The small Bavarian town of Abensberg sits on the banks of the Abens river, a tributary of the Danube. Flanked by thirty-two round and square turrets, the town was formerly the residence of the counts of Abensberg, whose castle still overshadows the town’s turreted walls.
This castle was the site of a peculiar scene. When Heinrich II, the fifth and last Holy Roman Emperor of the Ottonian dynasty, made his journey through Germany after his coronation in 1002, courtiers lavished him with offerings of gold and other treasures in order to demonstrate their fealty. When Heinrich stopped in Abensberg, he was presented with a gift of a different nature. For the Count of Abensberg brought forward thirty-two of his thirty-seven children and offered them body and soul to the new monarch. The count avowed that they were “the most valuable offering he could make to his king and country.”

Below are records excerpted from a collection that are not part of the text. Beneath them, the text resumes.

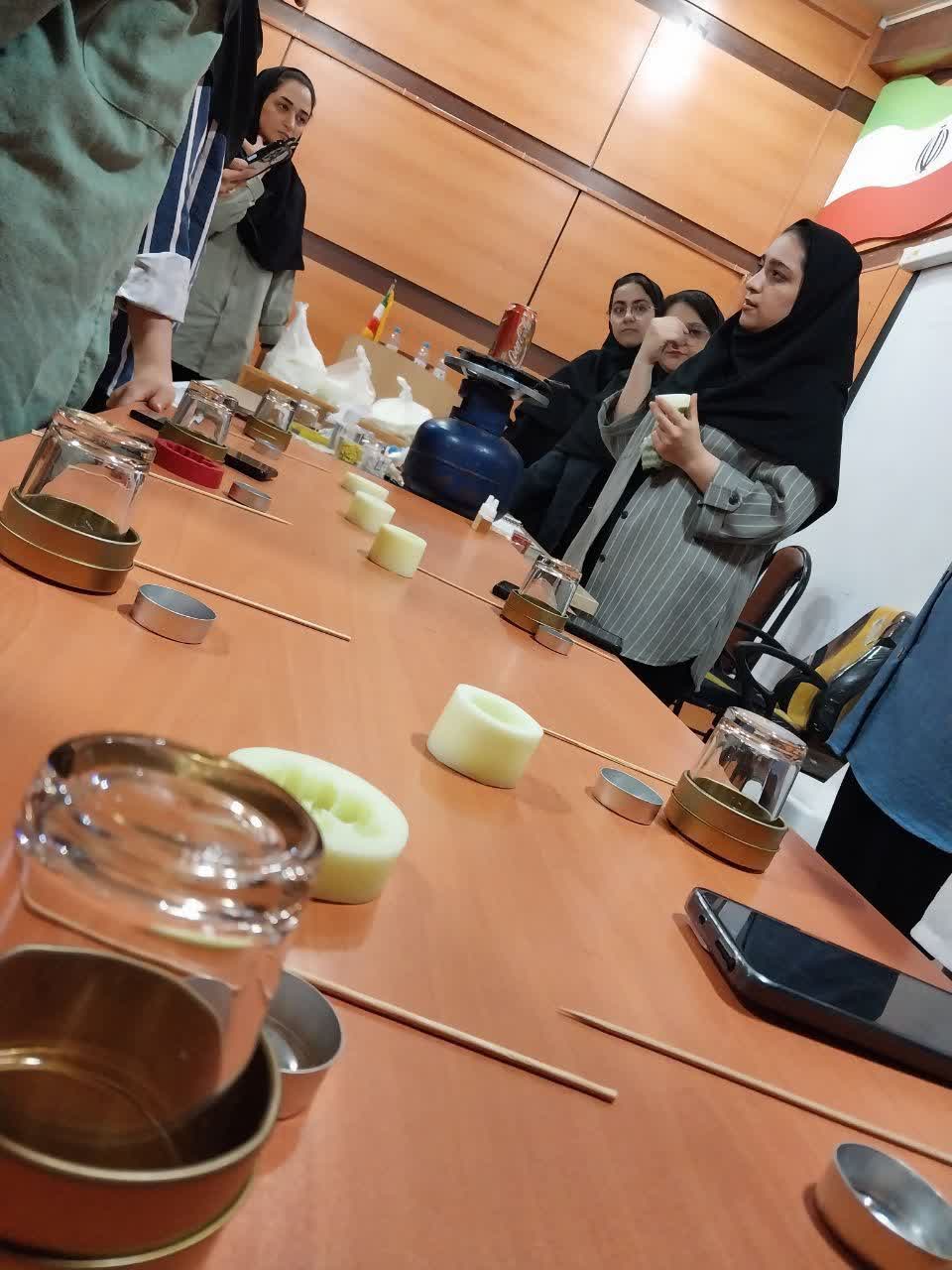 در این کارگاه، شرکتکنندگان با مواد اولیهی مورد استفاده در شمعسازی از جمله پارافین، رنگهای مخصوص، اسانسهای معطر و انواع قالبها آشنا شدند و با راهنمایی مدرس، نمونههایی از شمعهای تزئینی و معطر را به صورت عملی ساختند.
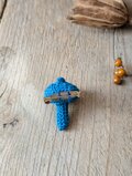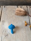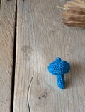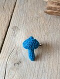 ブルーカラーのレース糸で編んだキノコのブローチです。
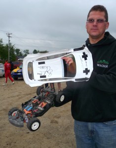 Kevin Ondre built an HPI WR8 remote-control race car modeled on rally racer Brendan Reeves’ 2015 M-Sport Ford Fiesta R2. Ondre took the plastic body off the chassis and Reeves autographed the underside of the body’s roof.
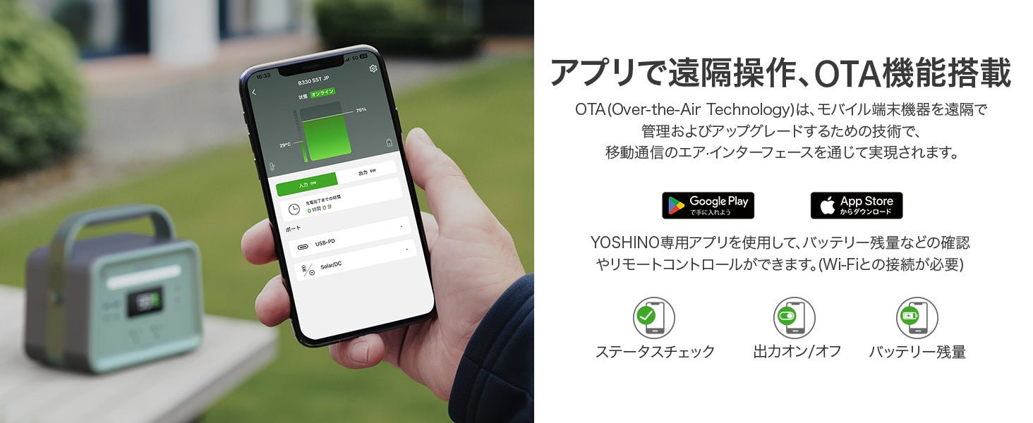 専用アプリを使えば、スマートフォンの画面でバッテリー残量や使用状況などを簡単に確認できます。また、OTA(無線ファームウェア更新)機能により、常に最新の機能を利用可能です。
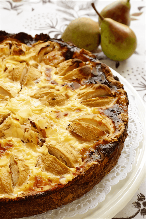 Pear pie is the embodiment of French elegance and sophistication in cuisine. Its history roots back to the traditions of tarte Tatin, where caramelized fruits are paired with airy puff pastry. In this recipe, delicate pears are infused with the aroma of lemon zest and soft caramel glaze, creating a rich and balanced flavor. The crispy crust contrasts with the juicy fruit filling, while a nut topping adds an exquisite texture to the pie. This dessert is perfect for a cozy evening with a cup of aromatic coffee or as a stunning finale to a festive dinner. Served with cream or vanilla ice cream, it becomes even more luxurious. Pear pie is not just a dessert but a true gastronomic delight that awakens warm memories of France.
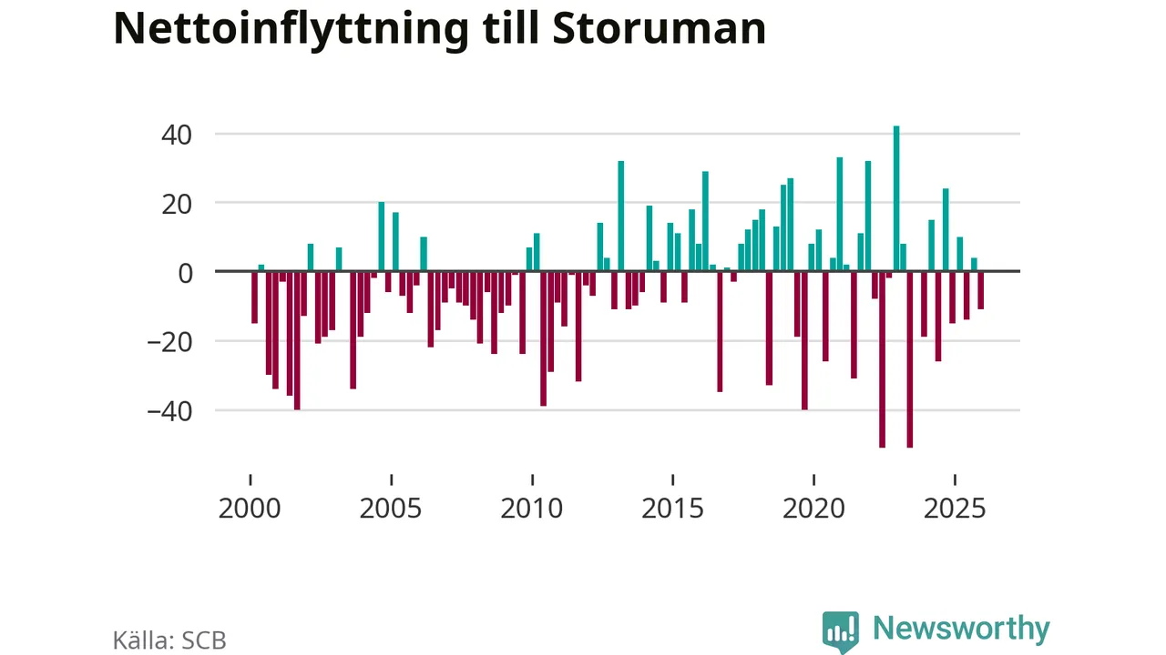 Fler flyttade från än till Storumans kommun. Befolkningen minskade under det fjärde kvartalet 2025. Det visar nya siffror från SCB.
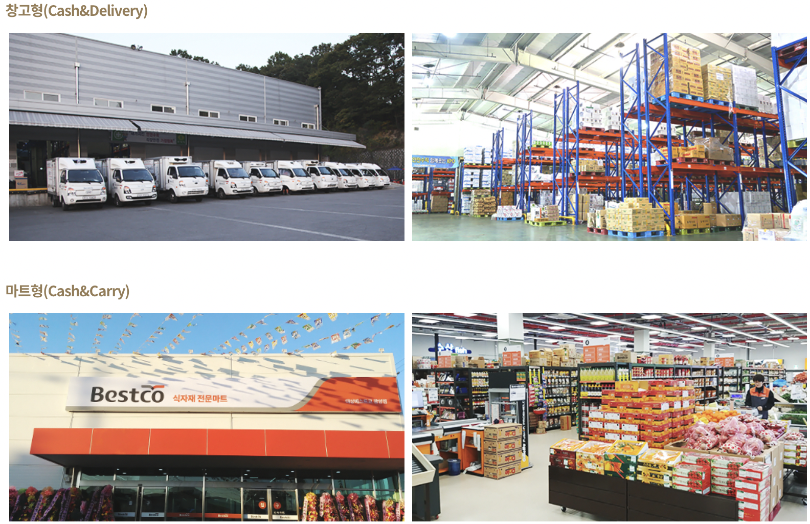 Cold Chain을 통한 안전하고 신선한 식자재를 외식업소에서 직접 받아 볼 수 있는 배송형 사업장과 외식사업에 필요한 모든 상품을 원스톱 구매할 수 있는 마트형 사업장을 전국에 20개 운영하고 있어, 쉽고 편리하게 상품을 공급받을 수 있는 서비스를 제공하고 있다.
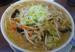 見附市の「麺処 大昇」です。くにちゃん愛用のお店ですね。いや~~久しぶりです。大体見附にらーめん食べに来ること自体久しぶり。少なくとも半年は来ていないですね。来なかったことには全く意味はありませんよ。見附でこってりといったらココですよね。店内のフロアも油でツルツルですからね。足元注意!今日は一番のお気に入りの野菜味噌らーめん¥910大盛+¥100をオーダー。10分ほどで登場。どんぶり並々の味噌スープにドカンと炒め野菜。てっぺんに刻み葱ドッカン。結構ボリューミーですよ。スープを一口。ラードの味がドカンと口の中に。味噌味はあまり・・・(笑) 野菜を炒めたことによる野菜の旨味もスープに。なんだろう?うまっ!と言った感じはしないんですが(失礼な)なんか癖になる味なんです。
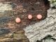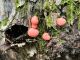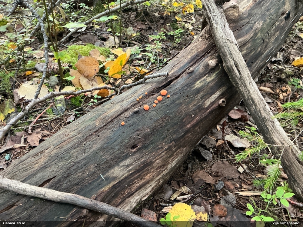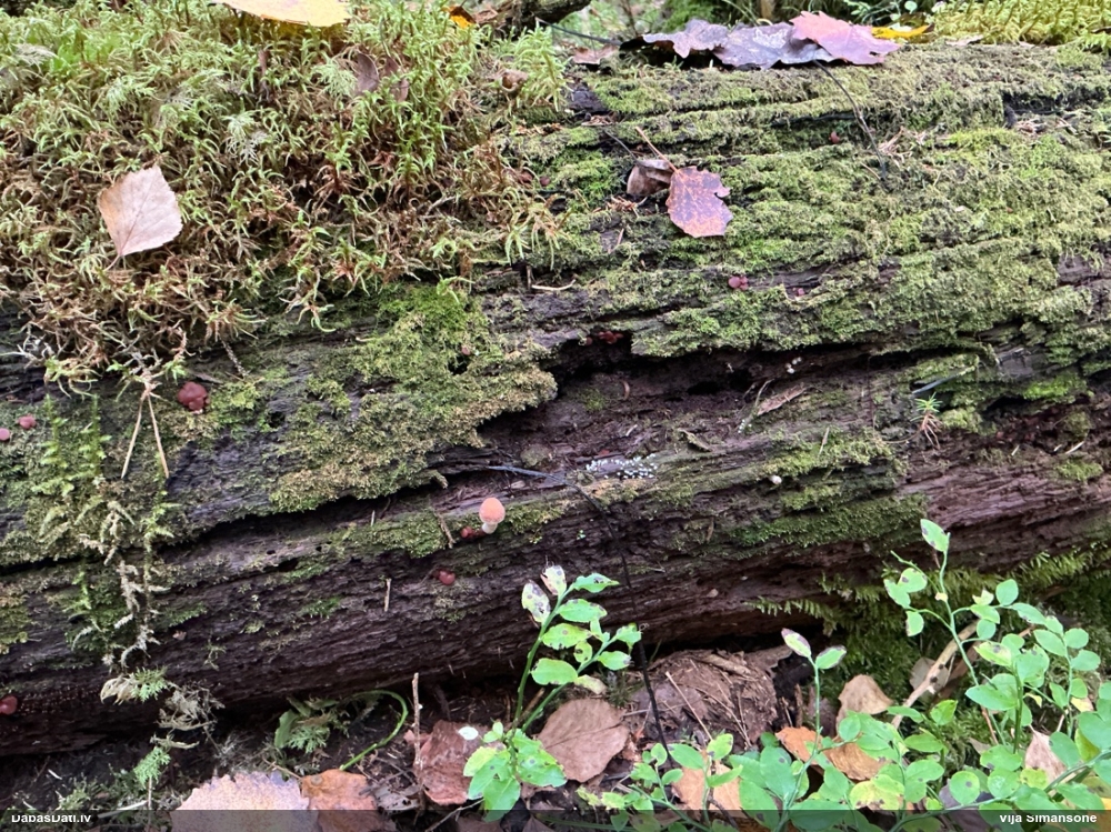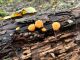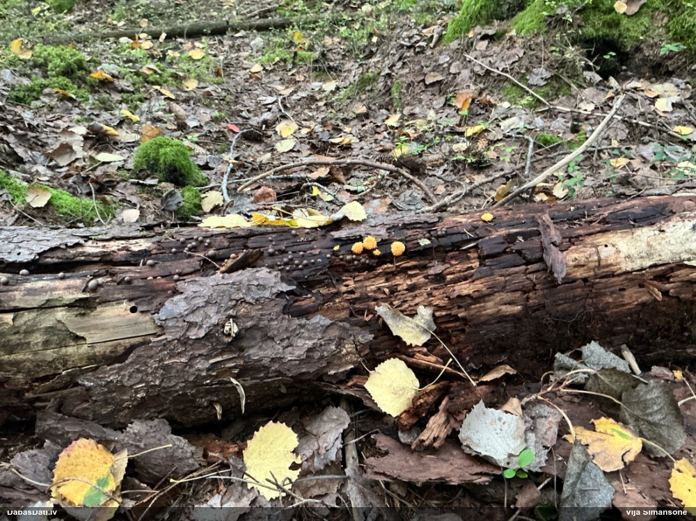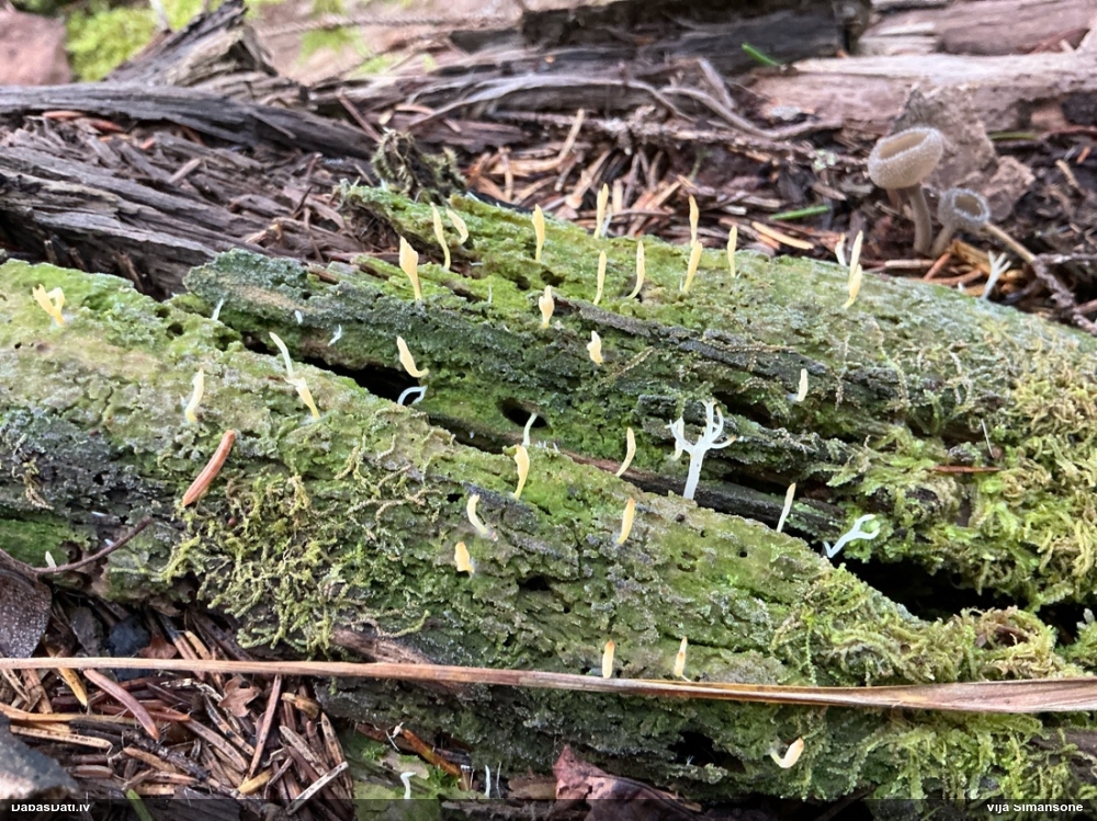 Man pēkšņi radās ideja - vai tur bija nu ļoti mitrs mikroklimats, egle ar melnalksni? Hipotētiski tādas dzeltenas var būt Diachea muscorum. Te bilde ir mazliet līdzīga: https://fr.wikipedia.org/wiki/Fichier:Craterium_muscorum,_Trawscoed,_North_Wales,_Aug_2016_-_Flickr_-_janetgraham84.jpg
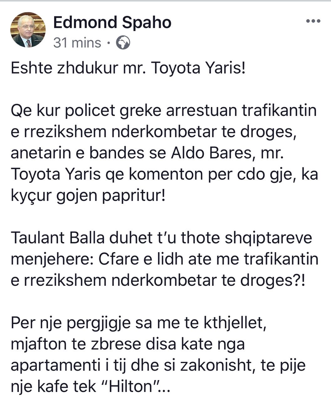 Që kur policët greke arrestuan trafikantin e rrezikshëm ndërkombëtar të drogës, anëtarin e bandës së Aldo Bares, mr. Toyota Yaris që komenton për çdo gjë, ka kyçur gojën papritur!
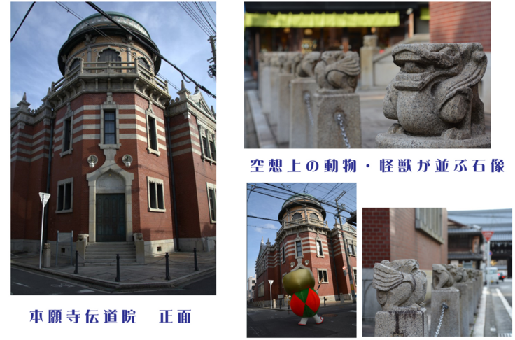 門前町(正面通)の中心部に位置する『本願寺伝道院』は明治後期に建てられたモダン建築で、現在は本願寺派僧侶の伝道布教の学びの場所となっています(非公開)

How the count — or Heinrich, for that matter — managed to feed this brood of Bavarian princelings is left to historical imagination, but it is easy to picture a long table groaning with dishes of wild game prepared in a manner similar to this dish from Sabina Welserin, a sixteenth-century compiler one of the oldest German cookbooks.
Wild Game Marinated in Peppersauce
Boil fresh game in two parts water and one part wine, and when it is done, then cut it into pieces and lay it in a peppersauce. Let it simmer a while therein. Make [the sauce] so: Take rye bread, cut off the hard crust and cut the bread into pieces, as thick as a finger and as long as the loaf of bread is. Brown it over the fire, until it begins to blacken on both sides. Put it right away into cold water. Do not allow it to remain long therein. After that put it into a kettle, pour into it the broth in which the game was boiled, strain it through a cloth, finely chop onions and bacon, let it cook together, do not put too little in the peppersauce, season it well, let it simmer and put vinegar into it, then you have a good peppersauce.